Minimal Dependencies

  • Can be integrated into virtually any Java-base system environment.

  • The core library (including Memory) has no dependencies outside of the Java JVM at runtime.

Maven Deployable

  • Registered with The Central Repository

Speed

  • These single-pass, “one-touch” algorithms are fast to enable real-time processing capability.

  • Coupled with the compact binary representations, in many cases the need for costly serialization and deserialization has been eliminated.

  • The sketch data structures are “additive” and embarrassingly parallelizable. The Theta sketches can be merged without losing accuracy.

Integration for Hive, Pig, Druid and Spark

  • Hadoop / Hive Adaptors.

  • Hadoop / Pig Adaptors.

  • Druid Adaptors.

    • For documentation navigate to druid.io/docs/latest/development/extensions-core/datasketches-aggregators.html
  • Spark Examples

Specific Theta Sketch Features for Large Data

  • Hash Seed Handling. Additional protection for managing hash seeds which is particularly important when processing sensitive user identifiers.

  • Sampling. Built-in up-front sampling for cases where additional contol is required to limit overall memory consumption when dealing with millions of sketches.

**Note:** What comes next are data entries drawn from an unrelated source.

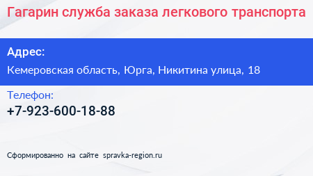 Гагарин, служба заказа легкового транспорта по адресу Кемеровская область, Юрга, Никитина улица, 18 в дальнейшем Организация, размещена в следующих категориях: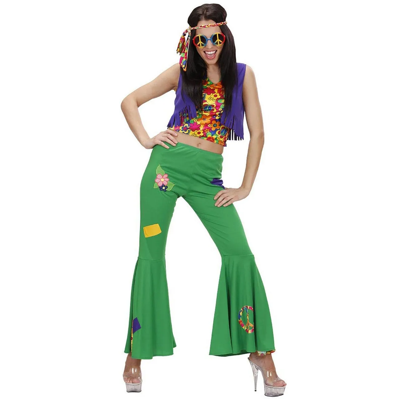 In het Woodstock hippie meisje dance away kostuum doe je niet onder voor de festivalganger van zo’n kleine vijftig jaar geleden. De flower power komt weer helemaal tot leven als jij dit pak aantrekt. De kleding is lekker kleurig en natuurlijk voorzien van de accessoires die het helemaal af maken zoals een vest en een hoofdband. Let the sunshine in en pak iedereen helemaal in met je kennis van de beroemde hits uit de sixties.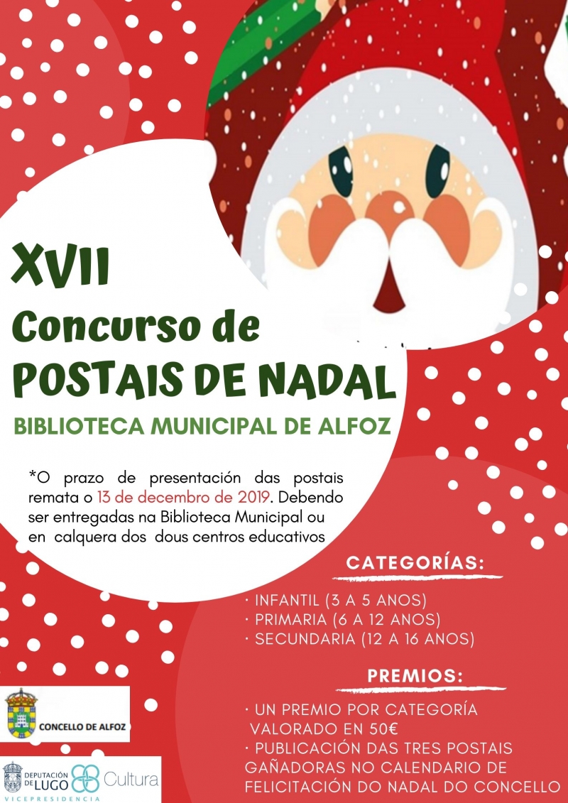 Concurso de Postales de Nmavidad en el que podrán participar todos los alumnos y alumnas matriculados en los centros educativos del ayuntamiento (CEIP o IES) que deberán presentar sus postales con motivos relacionados con la Navidad en la Biblioteca Municipal o en cualquiera de los centros educativos.

  • Off-Heap Memory Package. Large query systems often require their own heaps outside the JVM in order to better manage garbage collection latencies. The sketches in this package are designed to operate either on-heap or off-heap.

  • Built-in Upper-Bound and Lower-Bound estimators. You are never in the dark about how good of an estimate the sketch is providing. All the sketches are able to estimate the upper and lower bounds of the estimate given a confidence level.

  • User configurable trade-offs of accuracy vs. storage space as well as other performance tuning options.

  • Additional protection of sensitive data by user configuration of a hash seed that is not stored with the serialized data.

  • Small Footprint Per Sketch. The operating and storage footprint for both row and column oriented storage are minimized with compact binary representations, which are much smaller than the raw input stream and with a well defined upper bound of size.